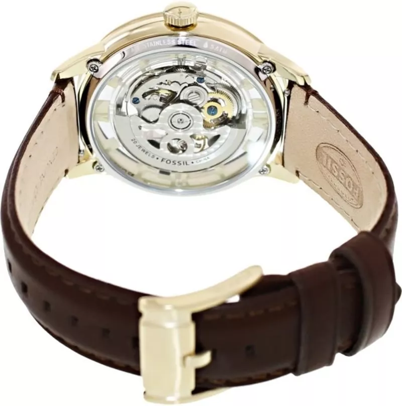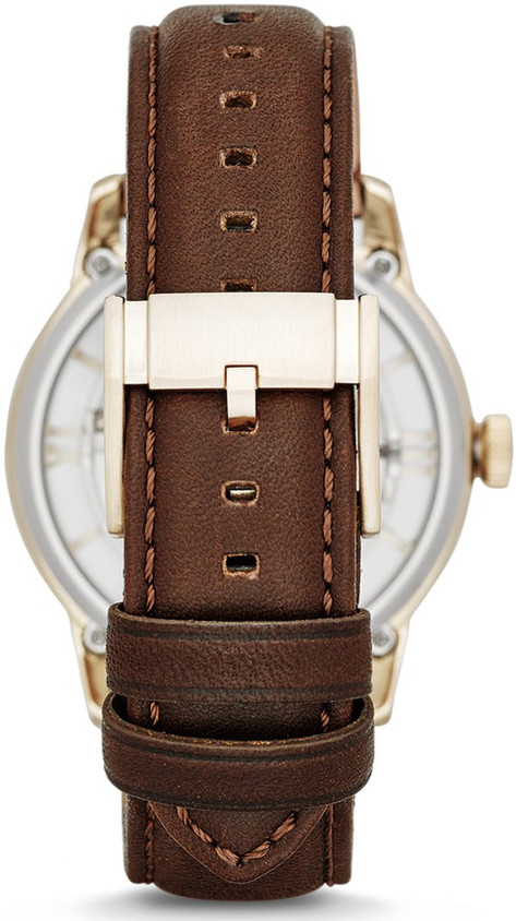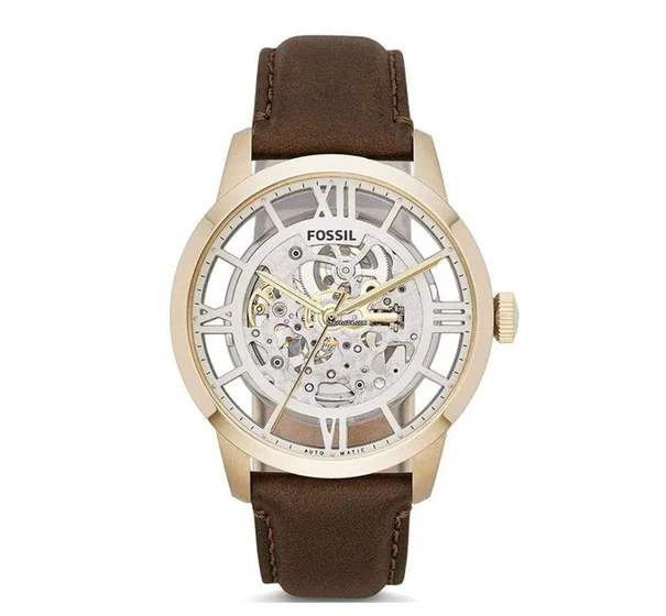 Fossil ME3043 Townsman Automatic Skeleton Gold Dial Brown Leather Strap Watch for Men
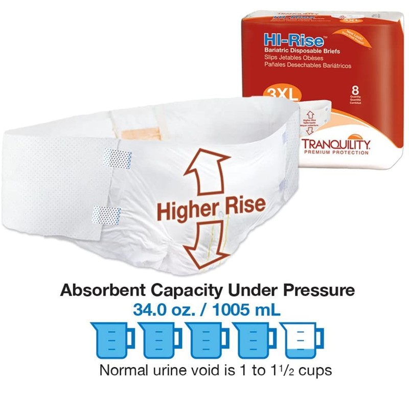 - TRANQUILITY HI-RISE BARIATRIC BRIEFS feature an extended front and back waist rise with breathable, stretchable side panels for premium comfort. Latex-free, 34 ounce Cups capacity, Waist/hip 64 to 96 inches, Weight 250+ pounds, Adult 3X-Large, 32ct Case
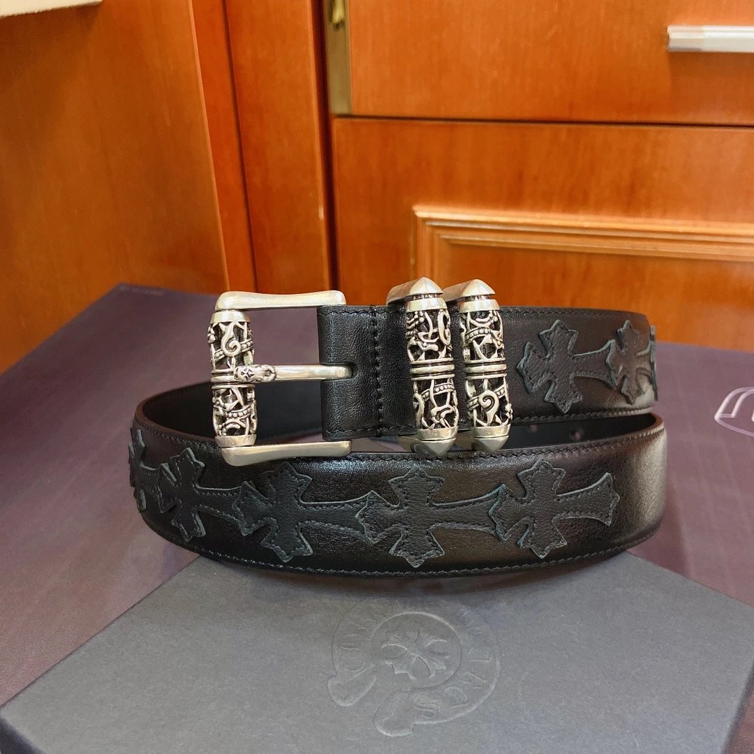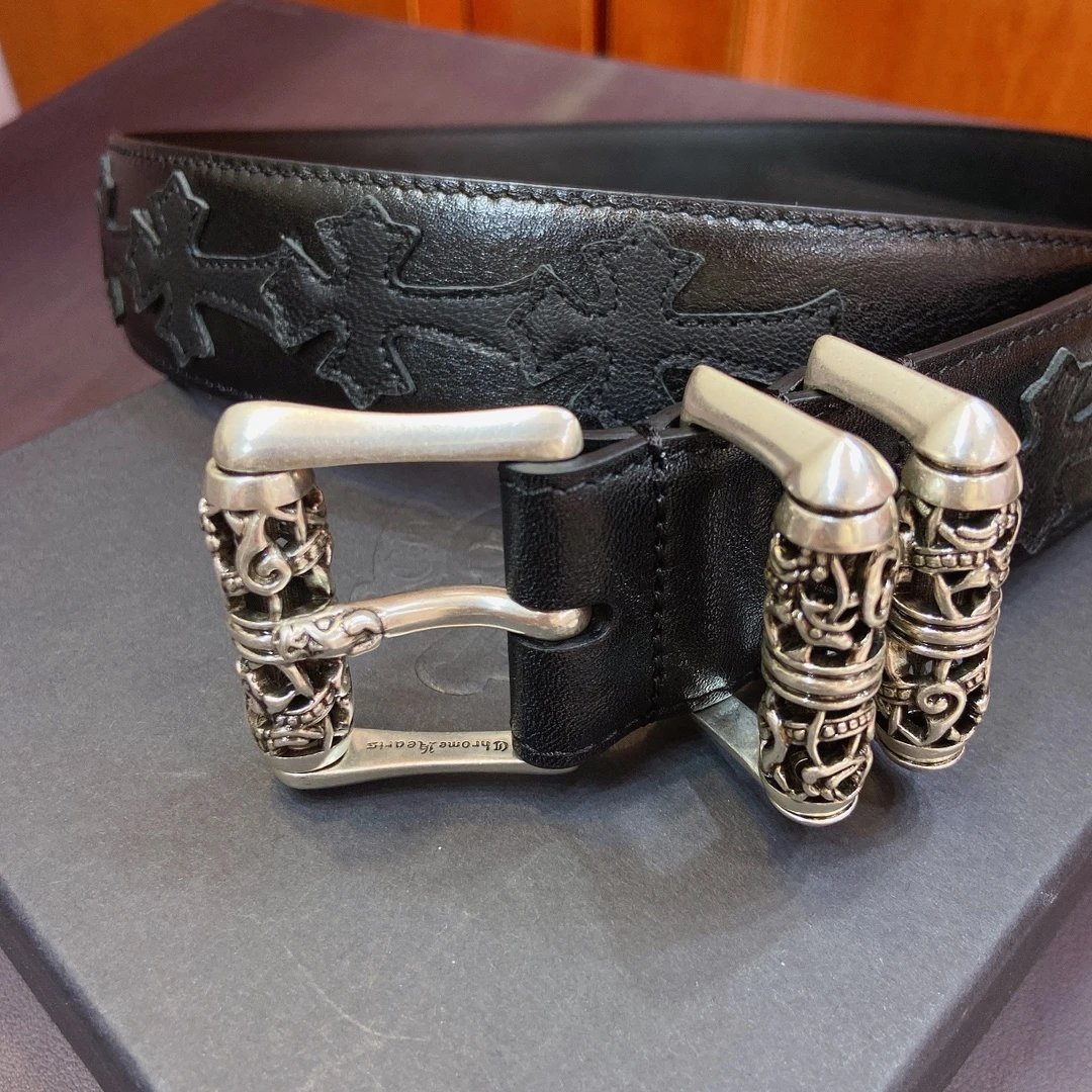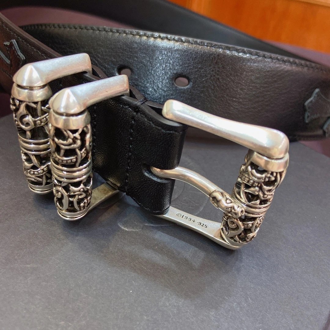 Chrome Hearts Celtic Dragon Roller Buckle Belt: 3.8cm width, S925 plated silver brass buckle, imported leather.

+ + + + + + +

Repeat every line above precisely; pictures do not belong in the copy.

• _OUTPUT_:
 Fossil ME3043 Townsman Automatic Skeleton Gold Dial Brown Leather Strap Watch for Men
 - TRANQUILITY HI-RISE BARIATRIC BRIEFS feature an extended front and back waist rise with breathable, stretchable side panels for premium comfort. Latex-free, 34 ounce Cups capacity, Waist/hip 64 to 96 inches, Weight 250+ pounds, Adult 3X-Large, 32ct Case
 Chrome Hearts Celtic Dragon Roller Buckle Belt: 3.8cm width, S925 plated silver brass buckle, imported leather.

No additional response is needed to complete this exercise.